Extracted records
# # # # #

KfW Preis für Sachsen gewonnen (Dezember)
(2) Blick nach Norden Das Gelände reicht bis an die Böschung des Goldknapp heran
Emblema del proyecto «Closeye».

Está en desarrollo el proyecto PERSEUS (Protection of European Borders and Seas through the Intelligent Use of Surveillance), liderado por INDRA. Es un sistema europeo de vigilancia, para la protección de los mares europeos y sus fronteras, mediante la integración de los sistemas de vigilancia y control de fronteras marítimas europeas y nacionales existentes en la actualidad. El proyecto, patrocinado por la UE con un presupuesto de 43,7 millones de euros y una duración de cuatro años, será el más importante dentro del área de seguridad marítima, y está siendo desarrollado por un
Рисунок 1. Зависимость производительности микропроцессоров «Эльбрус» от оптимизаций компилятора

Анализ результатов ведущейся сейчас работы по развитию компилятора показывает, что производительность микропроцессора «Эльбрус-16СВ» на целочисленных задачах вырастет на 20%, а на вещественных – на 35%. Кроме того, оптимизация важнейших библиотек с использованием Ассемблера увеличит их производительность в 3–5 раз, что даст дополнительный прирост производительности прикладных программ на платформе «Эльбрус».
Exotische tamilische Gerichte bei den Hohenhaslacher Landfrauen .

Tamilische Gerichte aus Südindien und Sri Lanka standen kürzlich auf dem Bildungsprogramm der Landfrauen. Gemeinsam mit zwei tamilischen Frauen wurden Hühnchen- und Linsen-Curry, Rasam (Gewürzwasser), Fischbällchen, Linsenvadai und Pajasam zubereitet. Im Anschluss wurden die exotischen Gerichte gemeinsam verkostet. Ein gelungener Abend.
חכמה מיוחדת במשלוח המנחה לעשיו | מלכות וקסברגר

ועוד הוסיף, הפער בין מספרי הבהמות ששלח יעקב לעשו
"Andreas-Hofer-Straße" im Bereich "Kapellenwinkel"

# # # # #

__Activity__. Every record above is to be given again precisely.

__Your solution__.
KfW Preis für Sachsen gewonnen (Dezember)
(2) Blick nach Norden Das Gelände reicht bis an die Böschung des Goldknapp heran
Emblema del proyecto «Closeye».

Está en desarrollo el proyecto PERSEUS (Protection of European Borders and Seas through the Intelligent Use of Surveillance), liderado por INDRA. Es un sistema europeo de vigilancia, para la protección de los mares europeos y sus fronteras, mediante la integración de los sistemas de vigilancia y control de fronteras marítimas europeas y nacionales existentes en la actualidad. El proyecto, patrocinado por la UE con un presupuesto de 43,7 millones de euros y una duración de cuatro años, será el más importante dentro del área de seguridad marítima, y está siendo desarrollado por un
Рисунок 1. Зависимость производительности микропроцессоров «Эльбрус» от оптимизаций компилятора

Анализ результатов ведущейся сейчас работы по развитию компилятора показывает, что производительность микропроцессора «Эльбрус-16СВ» на целочисленных задачах вырастет на 20%, а на вещественных – на 35%. Кроме того, оптимизация важнейших библиотек с использованием Ассемблера увеличит их производительность в 3–5 раз, что даст дополнительный прирост производительности прикладных программ на платформе «Эльбрус».
Exotische tamilische Gerichte bei den Hohenhaslacher Landfrauen .

Tamilische Gerichte aus Südindien und Sri Lanka standen kürzlich auf dem Bildungsprogramm der Landfrauen. Gemeinsam mit zwei tamilischen Frauen wurden Hühnchen- und Linsen-Curry, Rasam (Gewürzwasser), Fischbällchen, Linsenvadai und Pajasam zubereitet. Im Anschluss wurden die exotischen Gerichte gemeinsam verkostet. Ein gelungener Abend.
חכמה מיוחדת במשלוח המנחה לעשיו | מלכות וקסברגר

ועוד הוסיף, הפער בין מספרי הבהמות ששלח יעקב לעשו
"Andreas-Hofer-Straße" im Bereich "Kapellenwinkel"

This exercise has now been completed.